Мы можем об этом говорить только очень условно, основываясь на евангельских свидетельствах.
Христос воскрес в том самом теле, какое имел. Все евангелисты подчеркивают факт пустого гроба. Их так поразил этот пустой гроб, что они постоянно возвращаются к этой теме. То есть тело Воскресшего – это то самое тело, какое Он имел до этого, однако в Воскресении оно изменилось, трансформировалось. Новая телесность Иисуса настолько одуховлена, пронизана Духом Святым, что апостол Павел прямо называет Воскресшего Христа Духом (см. 2 Кор. 3, 17).
В 15-й главе своего 1 Послания к Коринфянам он говорит, что как из посеянного в землю зерна вырастает растение, уникальное, прекрасное, совсем не похожее на зерно, так и тело Воскресшего Христа произошло из прежнего тела, но стало совершенно иным.

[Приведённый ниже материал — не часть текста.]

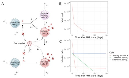 Schematic of a viral dynamics model involving multiple populations of infected cells. (A) A flow diagram between two populations of uninfected cells (T, T), virus infected cells (I, I), a latently infected cell population (L) and free HIV-1 (V) according to the ODE shown in Equation (4). Red X’es indicate the complete interruption of viral infection during fully effective therapy. (B) The decay of the viral load in multiple stages is shown. (C) The decay of distinct host-cell populations, as predicted by the model, are depicted. Time-series were integrated using JSim v2.21 with standard integration parameters [32]. (Figure adapted from Hill [18] and created by part (A) with BioRender.com).

Воскресший изменился. Он изменился настолько, что отныне проходил сквозь стены и затворенные двери, Он мог оставаться неузнанным, и Его узнавали лишь в каком-то особом, Его лично знакомом жесте или слове. В Эммаусе это было преломление хлеба с двумя учениками… Или Христос мог быть узнан в каком-то специфически Своем слове, выражении. Вспомним, как Мария Магдалина принимает Воскресшего Христа за садовника, спрашивает, не он ли вынес тело Учителя и где-то спрятал, Иисус же говорит ей только одно слово: «Мария!», и Мария тотчас понимает, Кто перед ней.
Христос стал иным. Это утверждение Евангелия и Церкви. Но все же Христос был телесен. У Него было тело, и это подчеркивается многократно тем, что Он ел и пил, а однажды даже предложил Фоме (Фома все сомневался – не призрак ли перед ним, не галлюцинация) коснуться пальцами его ран.
Еще раз повторим, что у Христа было тело, но оно было совершенно отличным от обычного, земного тела, тела, данного нам в этой жизни.
Это очень важный вопрос. Действительно, мы не встречаем ни одного указания на встречу с Воскресшим Его врагов или недоброжелателей. А ведь это было бы так просто – явиться и всем доказать, что Иисус был не простым плотником из Назарета, а Сыном Божиим. Но ничего этого не произошло.
Почему? Прежде всего потому, что христианство не навязывает новую и блаженную жизнь в единстве с Богом, не принуждает к ней, но свидетельствует о ней.
Знаете, это как с ребенком. Мы, родители, счастливы, когда он нам доверяет, верит нам по любви, по велению сердца, а не по принуждению, не потому, что мы его заставили верить нам.
Заметьте, Христос являлся только тем, кто Его любил и ждал. Он являлся так, что мог быть и не узнан… Только какое-то Его слово, жест – и глаза тех, кто любил, открывались. И потом ученики спрашивали себя: разве не горело в нас сердце наше, когда мы говорили с этим человеком? А ведь эти люди смотрели на Иисуса, даже беседовали… и не узнавали, как будто пелена была на глазах. Здесь такой, наверное, механизм: когда человек внутренне становится готов к встрече с Воскресшим – она происходит.
Так же и в нашей молитвенной жизни. Пока мы носимся со своим скепсисом, критикой священных рассказов Писания и Предания, замкнуты в себе, отъединены от людей – мы не чувствуем Бога. Но когда мы как-то внутренне откроемся Господу – происходит встреча. И мы воистину чувствуем в нашей жизни присутствие Воскресшего и то, что Он действительно, воистину воскрес.
В рассказах о встрече с Воскресшим немало личного, сокровенного опыта. Во всяком случае, когда мы постоянно читаем об этом парадоксе: не узнан и вдруг узнан, – что это, как не свидетельство того, что для того, чтобы произошла встреча, необходимо быть к этому внутренне расположенным…
Но все же к одному внутреннему опыту сводить встречи апостолов с Воскресшим нельзя.
Перед апостолами стояла совершенно уникальная задача. Самая высокая задача – свидетельствовать перед лицом мира о Благой Вести Иисуса Христа, о Воскресении.